Pretty Day

Dear Sweet Girlies,
Thank you for giving us such a beautiful day today. This morning, your daddy and I woke up early and drove to Poppy and Nana’s to help with some yard work as well as open the pool. Poppy, Daddy and I worked on the pool all morning and then Aunt Gwen, Uncle Chad, Amelia and Sophia came over for lunch. We sang Happy Birthday to Gwen and it made me so sad that we didn’t get enough birthdays with you.

I know that you are with us wherever we go, but I can’t help thinking about you being physically present. I wish you could have felt the grass under your toes and the sun on your back. I wish you could have heard the puppies bark and felt their soft fur. I wish you could have tasted the cake and smelled the flowers. Mostly, I wish you were sitting on my lap, with your head against my heart, taking in all these little moments. I wish you had your long fingers wrapped around mine while we were singing. I wish I could look into those blue eyes and know that you are ok.

Do you remember when you would put your heads against our hearts? I loved to snuggle up to you and take in your sweet smell of baby shampoo. Sydney, I remember when you first started trying to turn your head, you would lay on my chest and look one way and then the other. I was so proud of you! Carynne, I think you were very close to doing the same, but I think you were so comfortable and content right where you were that you didn’t feel the need to look around as much. I would just hold you closer and let your breath fall on my shoulder.

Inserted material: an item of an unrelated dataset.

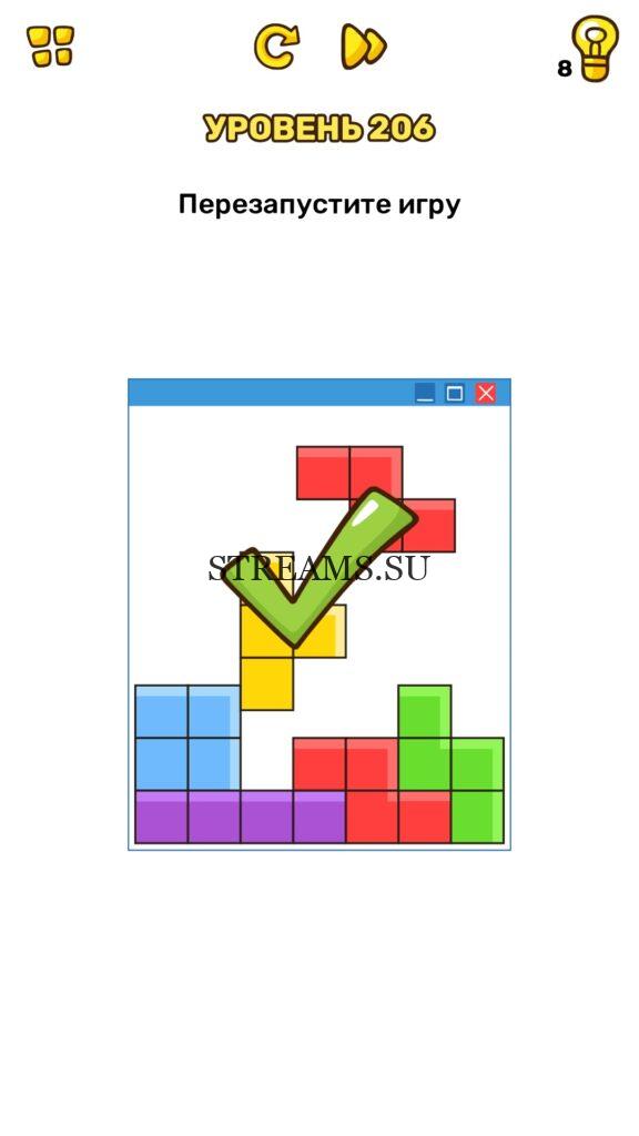 Перезапустите игру. Уровень 206 — Brain Blow: Тест на гениальность — Ответ на этот уровень находится под фото. Очередная игра от популярных разработчиков головоломок CASUAL AZUR GAMES. Если вы хотите взорвать свой мозг и развить навыки нестандартного мышления, тогда игра Брейн Блоу определенно вам понравится. Если не получается решить задание, то попробуйте включить нестандартное мышление, тряхнуть телефон, погладить его или использовать больше пальцев. Эта игра способна развить в вас навыки следопыта, креативность и прокачать ваш IQ. Но, а если все-же не получается пройти уровень, найдите правильное решение на нашем сайте.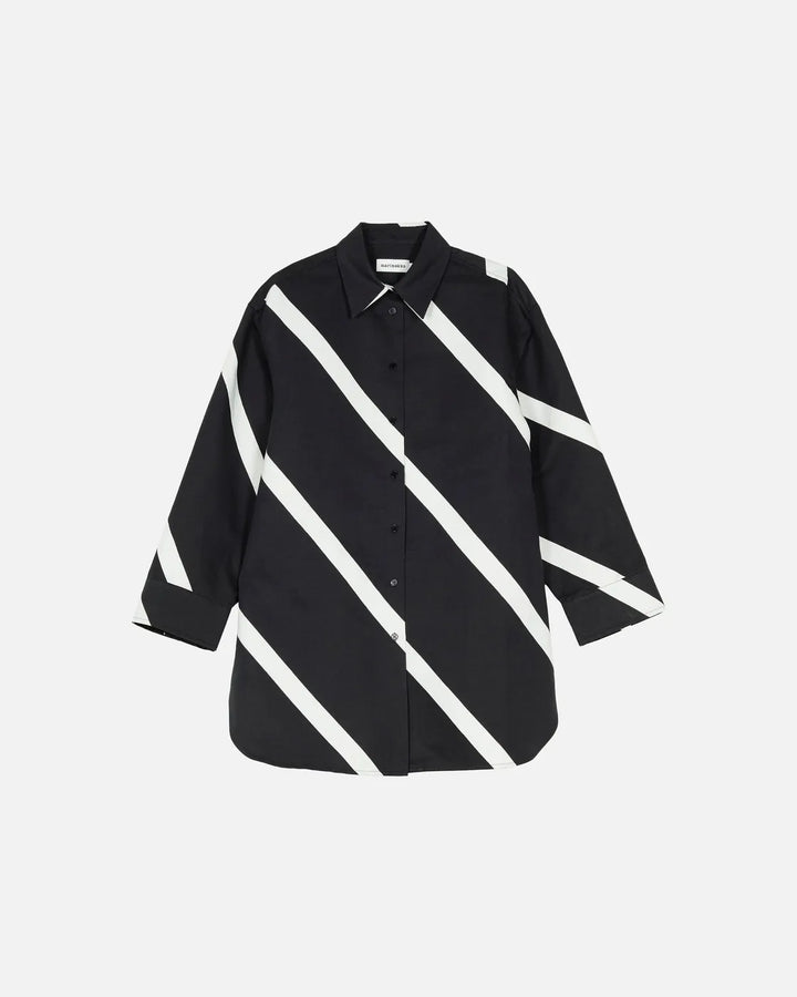 Kuvaus Heitto-kauluspaidassa on väljä istuvuus, suora leikkaus sekä Basso-kuosi, joka on painettu Helsingissä. Kauluspaidassa on...

It’s moments like this that I miss more than anything in the world. I would give my whole life just to hold you both for five more minutes. I love you both so much and I miss you a million times a day.

Love,
Mommy

Comments

  1. Sonya says:

    I would give my life in a heartbeat for you to have the girls back. I would willingly give up my family, so that your could be made whole again. I would carry all your pain just so that you could have one moments peace. I know that I can’t make it all better or make your sorrow go away…just know that I will always do whatever I can, whatever you need and whatever you ask of me. I love you, Jake and the girls so much!!!